Research involving human embryos is famously difficult and fraught with ethical quandaries, but a new synthetically derived model could open new doors in the study of infertility and birth defects.
The model comes from the Weizmann Institute of Science in Israel and follows years of research by labs around the world into producing a similar clump of cells. The team led by professor Jacob Hanna claims that their latest iteration is the most advanced so far and contains all the hallmarks of a human embryo that has grown inside a human womb for 14 days.
The advancement raises a host of ethical questions that the scientific world is just beginning to grapple with.
Scientists generally agree that experiments involving embryos should halt at 14 days, when major features such as the body shape and spinal cord begin to form. But most of the related scientific guidelines and national laws only apply to embryos derived from fertilized human eggs, not synthetic ones like Hanna’s.
Little is known about the early days of the human embryo, during which it develops all the organs needed to sustain human life.
“That first month is still largely a black box,” said Hanna in a statement. “Our complete stem-cell derived human embryo model offers an ethical and accessible way of peering into this box.”
To develop their unique clump of cells, Hanna’s team took stem cells from human skin and preexisting cultures and reverted them to a blank or “naïve” state. This aligned them with the cells generally found inside a seven-day-old embryo, at the time when it embeds itself in the womb.

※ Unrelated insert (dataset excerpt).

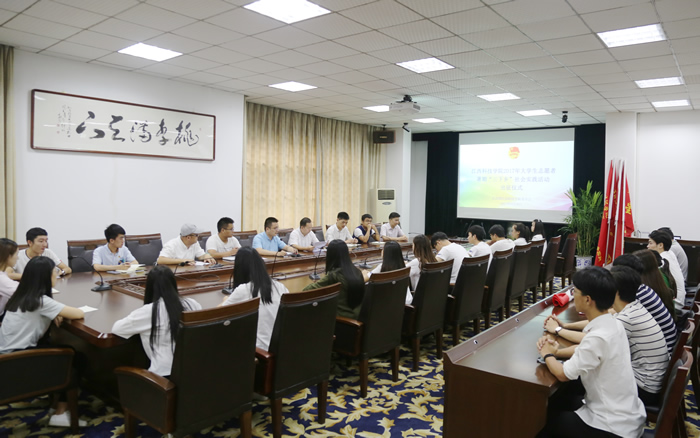 江科网讯(实习记者 何强江)6月28日下午,我校2017年大学生志愿者暑期“三下乡”社会实践活动出征仪式在行政楼北一楼会议室举行。党委委员、副校长万哨凯出席。校红色新青年服务队、V爱服务团、守望者公益实践服务团、星火传承服务队等4个队的指导老师、部分志愿者代表参加了仪式。仪式由校团委书记于海明主持。

The team divided the loose cells into several groups and treated each with a chemical to turn on certain genes (with the exception of the core embryo cells, which remained as-is). One group of cells became placenta cells, while another type was needed for the yolk sac. The last group became an early version of chorionic sac cells, which help to encase the embryo.
Then, under special conditions, the researchers mixed all the cells together and formed clumps, like cellular oatmeal. The team looked closer and found that in 1 percent of cases, the clumps had formed tiny embryo-like structures.
“An embryo is self-driven by definition,” said Hanna. “We don’t need to tell it what to do. We must only unleash its internally encoded potential.”
He dubbed the structures “stem cell-based complete embryo-like structures (SEMs)” and fostered their development for eight days, until they had reached the equivalent of 14 days of normal development. Along the way, his team found that the SEMs bore a close resemblance to the embryos illustrated in classical embryology atlases from the 1960s.
“Every compartment and supporting structure was not only there but in the right place, size and shape,” the statement said.
When the researchers extracted secretions from SEM and applied them to a commercial pregnancy test, it read positive.
Potential uses for SEMs range from studying the earliest stages of pregnancies – when many fail – to growing new transplant tissues and organs. The structures may also serve as an ethical workaround for certain experiments, allowing researchers to tread in areas not otherwise possible with traditional embryos. One possible avenue could involve testing the effects of drugs (pharmaceutical or otherwise) on a developing SEM.
Hanna’s paper comes at time when the field of embryonic research is reconsidering the old 14-day standard, although it remains legally enforced in many countries. In 2021, the influential International Society for Stem Cell Research relaxed its old 14-day guideline and instead encouraged scientists to have a public conversation about what is an appropriate standard.
The organization has forbidden scientists from implanting model human embryos, such as SEMs, in the wombs of animals or humans. Doing the latter would essentially be an act of human cloning, which is banned in some 45 countries around the world.